Selon Louise Beaudoin, la génération qui a porté le projet indépendantiste aurait « échoué à transmettre aux plus jeunes le goût du pays ».

Ces mots laissent croire que les baby-boomers seraient en quelque sorte responsables du dépérissement de l'idée. Je crois plutôt que loin d'être dû à « l'échec » d'une génération, le déclin de l'option indépendantiste tient simplement au fait que la société a changé.

Les conditions qui avaient donné naissance au mouvement souverainiste - l'infériorité linguistique et économique des Canadiens-français - ont disparu, grâce notamment à la loi 101, à l'élévation de la scolarité et à l'émergence d'une classe d'entrepreneurs, grâce aussi au Parti québécois lui-même, qui a souvent été « un bon gouvernement ».

Comment peut-on dire que les souverainistes ont échoué à transmettre leur idéal, alors qu'au contraire, ils ont tout fait et tout essayé pour faire avaler à la majorité un projet dont elle n'a jamais vraiment voulu ?
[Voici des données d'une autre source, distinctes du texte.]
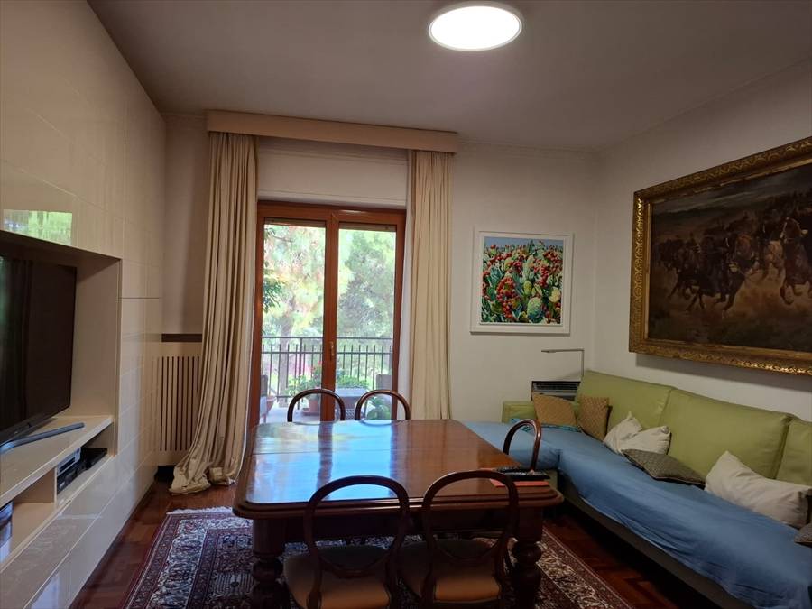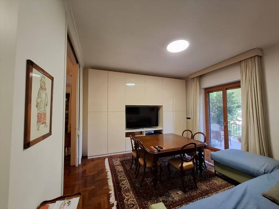 L'immobile si compone di: ingresso. soggiorno con ampio balcone, sala da pranzo con altro balcone, cucina abitabile con balcone anch'essa, disimpegno che divide zona giorno dalla zona notte, due spaziose camere da letto e doppi servizi.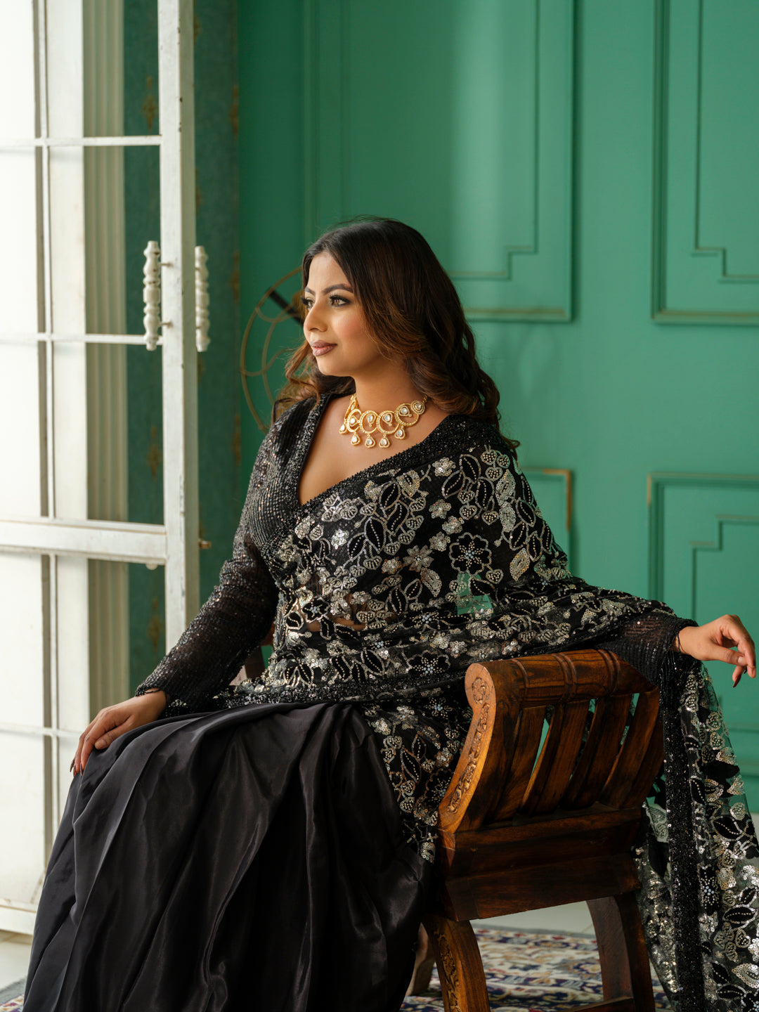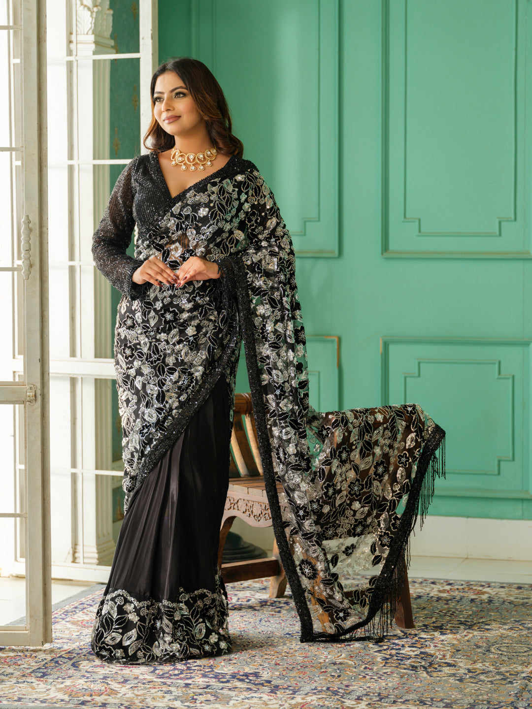 A stunning black saree enhanced with a touch of silver, combining elegance and modern flair. Perfect for making a statement at any evening event.

On a commencé par changer le vocabulaire. Les premiers indépendantistes, comme Marcel Chaput, parlaient de « séparatisme ». Le Rassemblement pour l'indépendance nationale (RIN) a choisi un vocable plus positif : l'indépendance. Le PQ a opté pour le terme rassurant, mais vague de « souveraineté ». Lévesque, lui, se faisait encore plus lénifiant : il privilégiait le concept de « souveraineté-association », avec un trait d'union.

Après l'échec de 1980, le PQ s'est converti au nationalisme civique, dans l'espoir d'amener les anglophones et les immigrants à voter pour un idéal qui n'intéressait, au fond, que les Canadiens-français. Cela n'a pas marché.

Le PQ est donc revenu au nationalisme ethnique, ou identitaire si l'on préfère, avec l'idéologie du « nous » (versus les autres), et la Charte de la laïcité. Cela n'a pas marché, comme on vient de le voir.

Le PQ a exploité tout ce qu'il pouvait trouver de croche au Canada anglais, gratté ad nauseam la plaie causée par le rejet de Meech (un accord que le PQ jugeait risible au départ), provoqué mille et une guerres de clochers avec le fédéral, dans le but de déclencher un sursaut nationaliste qui paverait la voie à un référendum gagnant. Cela n'a pas marché.

Même la loi sur la clarté, dont le gouvernement Bouchard espérait qu'elle mette le feu aux poudres, n'a suscité aucune colère, même pas l'ombre d'une manif. Les sondages ont montré que la majorité était d'accord avec les exigences de la loi, et Jean Chrétien a réalisé peu après son meilleur score au Québec !

Le PQ a penché tantôt à gauche, tantôt à droite, jamais trop loin du centre. Rien n'a réussi à triompher des réticences de la majorité envers l'idée d'indépendance.

Le PQ a essayé les arguments économiques avec les Parizeau et les Landry, il a essayé le lyrisme et le romantisme avec la myriade d'artistes engagés, il a essayé la persuasion par le charisme (Lévesque, Bouchard), il a essayé les remontrances et la culpabilisation, comme le font encore aujourd'hui Gilles Vigneault et Jean Dorion, qui affirment que c'est parce qu'ils ont « peur de leur ombre » (dixit Dorion) que les Québécois résistent à l'idée de rompre avec le Canada.

Mieux encore, grâce aux enseignants et aux communicateurs qui leur étaient acquis en grand nombre, les souverainistes ont réussi à faire de leur idéal l'idéologie dominante au Québec.

La souveraineté, malgré qu'elle ait échoué à tous les tests que la réalité lui a fait subir, a dominé pendant 40 ans la vie intellectuelle et artistique du Québec. C'était un tour de force que de faire d'une option minoritaire la seule qui soit, dans les cercles distingués, politiquement correcte. Cela non plus n'a pas marché.

On voit mal quelle stratégie le PQ pourrait dorénavant utiliser pour amener la majorité à son option.